Sheriff’s spokesman Troyer said the county first bought the software in 2005 as part of a terrorism prevention program. The department uses the software as an investigative tool by analyzing data lawfully obtained through a warrant, he said.

In February, the Tacoma police bought software from another data-analysis company, Verint of Melville, New York, for $51,727, purchasing records show.

The Tacoma Police’s purchase last year of updated Stingray technology appears to have ensured it can continue to track mobiles in the years ahead.

A 2013 invoice indicates the city bought Harris Corp. equipment under a federal General Services Administration contract. The city paid $109,421 — exactly the price the federal contract specified as the cost of a Stingray upgrade called Hailstorm.

Hailstorm is aimed at keeping mobile surveillance equipment up to date.

“We don’t know everything about what the Hailstorm does,” said Soghoian of the ACLU. “… It’s not surprising that law enforcement agencies are seeking this equipment. It’s definitely not cheap.”

A March 2014 purchase order from the DEA states: “The Hailstorm upgrade is necessary for the Stingray system to track 4G LTE phones.”

The 4G LTE standard allows rapid data transfer over a wireless network and is becoming the standard in cell phone technology.

Stingrays can tap these phones, but only because the current generation of 4G LTE phones is compatible with the older 2G standard, Soghoian said.
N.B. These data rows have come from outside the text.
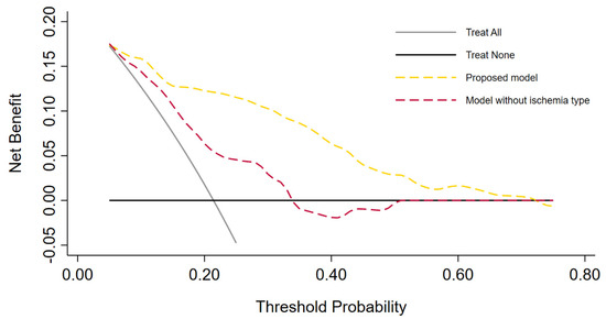 Decision curve analysis demonstrating the clinical net benefit of the proposed multivariable model versus the model without inclusion of ischemia type. Clinical net benefit has an immediate clinical interpretation. The value of 0.12 at a threshold probability of 20% can be interpreted as follows: “Compared to using the model without ischemia type (CNB 0.06) or no auxiliary tool at all, performing RAPN on the basis of the proposed model is the equivalent of a strategy that found 6 or 12 patients per hundred patients saved from postoperative acute kidney injury, respectively”.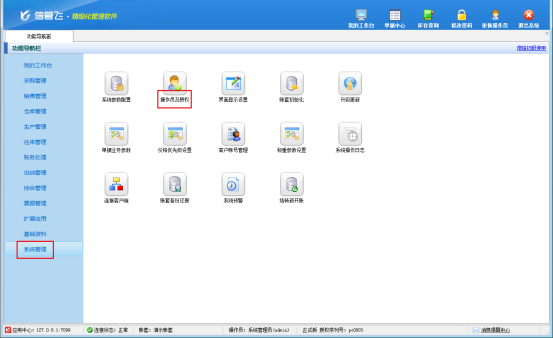 在功能導航窗點擊“系統管理”—》“操作員及授權”打開操作員管理及授權界面,選擇操作員“張亞”,然后在其右側的功能模塊權限內找到“統計查詢”下的“庫存查詢”,將“庫存查詢”勾選取消,然后保存權限設置,如下圖所示。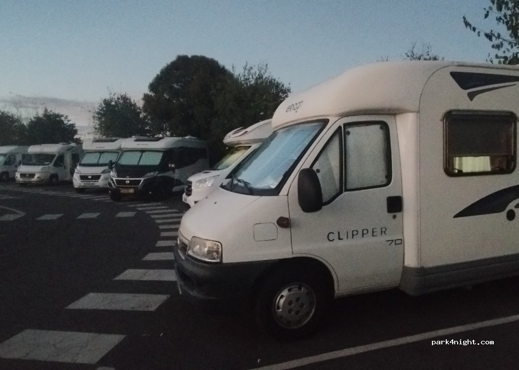 É um estacionamento amplo e perto do centro. Tem alguma inclinação mas há sempre espaço para estacionar. Passámos uma noite tranquila.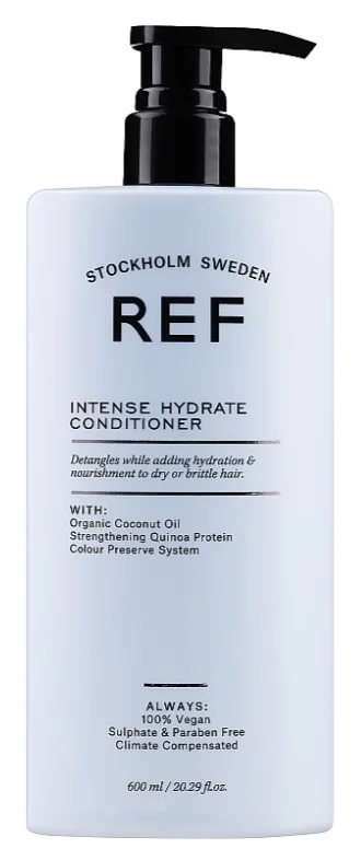 Зволожуючий кондиціонер бренду REF забезпечує волоссю інтенсивну гідратацію та дозволяє забути про сухість. В основі збалансованої формули – органічні олія кокосу та олія бергамота, а також протеїни кіноа. Незважаючи на те, що до складу входять поживні компоненти, діє без ефекту обтяження. Забезпечте локонам дбайливий, ефективний і натуральний догляд, і вони перетворяться: кондиціонер відновлює пошкоджені ділянки волосяних стрижнів, зміцнює і глибоко зволожує волосся, робить його шовковистим, супергладеньким, м'яким і блискучим.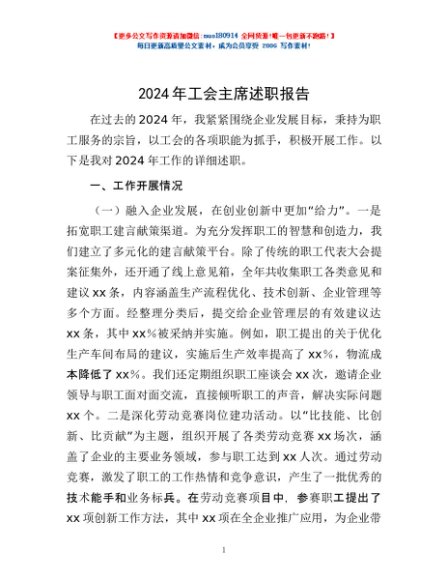 / 2024年工会主席述职报告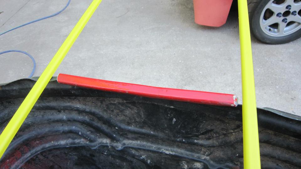 About then our special order primer paint arrived, so we took a few minutes to clean the new lower body trim strips with lacquer thinner, blow dry, and give them a quick coat of Zinc Chromate primer. Bit of a bonus here. While chopping up the old trim strips for trash, we saved one piece that had been repainted recently. That would be on the edge of the trash can rim, the red strip which we will keep for a color sample. Some day we might run across some matching red paint in a spray car (wishful thinking) that we might use for touch-ups.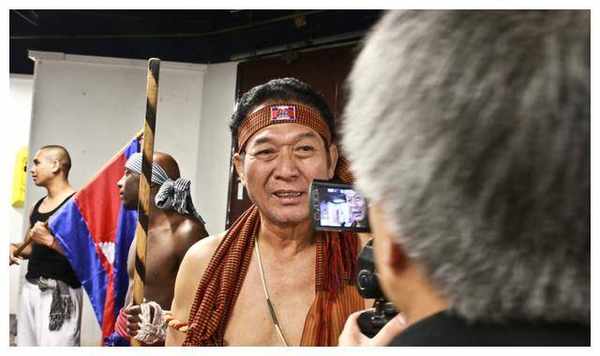 在狮拳的对抗法则中,赢得最后的胜利是最重要的目标。就像这样,在狮斗拳中,不仅有一套赤手空拳的格斗拳法,还有带武器装备的武术,涉及近身格斗、地面技术和武器使用等高棉武术形式。掌棍、长棍、腰带、丝巾等物品都可以作为格斗中的武器,甚至可以将石头包裹在腰带中攻击对手。 在吴哥王朝时期,狮斗拳独特的拳法帮助士兵赢得了许多战斗。但随着时间的推移,王朝的更迭,以及柬埔寨历史上某些时期对狮斗的打压,使得这种曾经风靡一时的传统拳种几乎失传。 拿起,高举 “我希望吴哥窟石墙上的东西回归柬埔寨人民的生活。”被誉为现代醒狮拳之父的SanKimSean,自柬埔寨社会环境趋于稳定以来,一直致力于“捡拾”醒狮拳这一古老拳法并将其推向大众视野和世界舞台的工作。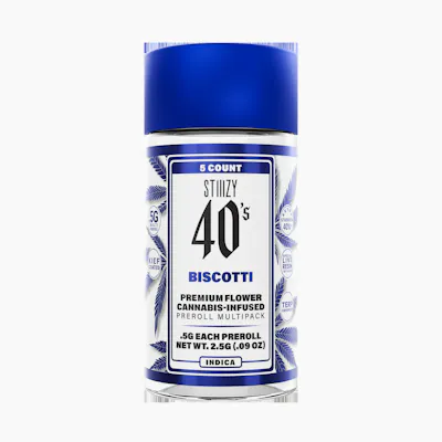Elevate your pre-roll game. STIIIZY 40's pre-rolls are setting the standard with high potency, cannabis infused joints coated evenly with kief. Using our proprietary live resin infusion methods, we’ve designed every pre-roll to offer 40% cannabinoids (THC) potency with a unique flavor profile. With a smooth inhale and tasteful exhale, each and every STIIIZY 40's is packed with premium, high quality flower specifically made to ensure a potent and long-lasting high. Spark up the 40'.

That won’t always be the case — and law enforcement agencies know this, he said.

Concealing the use of stingrays deprives defendants of their right to challenge unconstitutional surveillance and keeps the public in the dark about invasive monitoring by local police. And local and federal law enforcement should certainly not be colluding to hide basic and accurate information about their practices from the public and the courts, ACLU emphasized.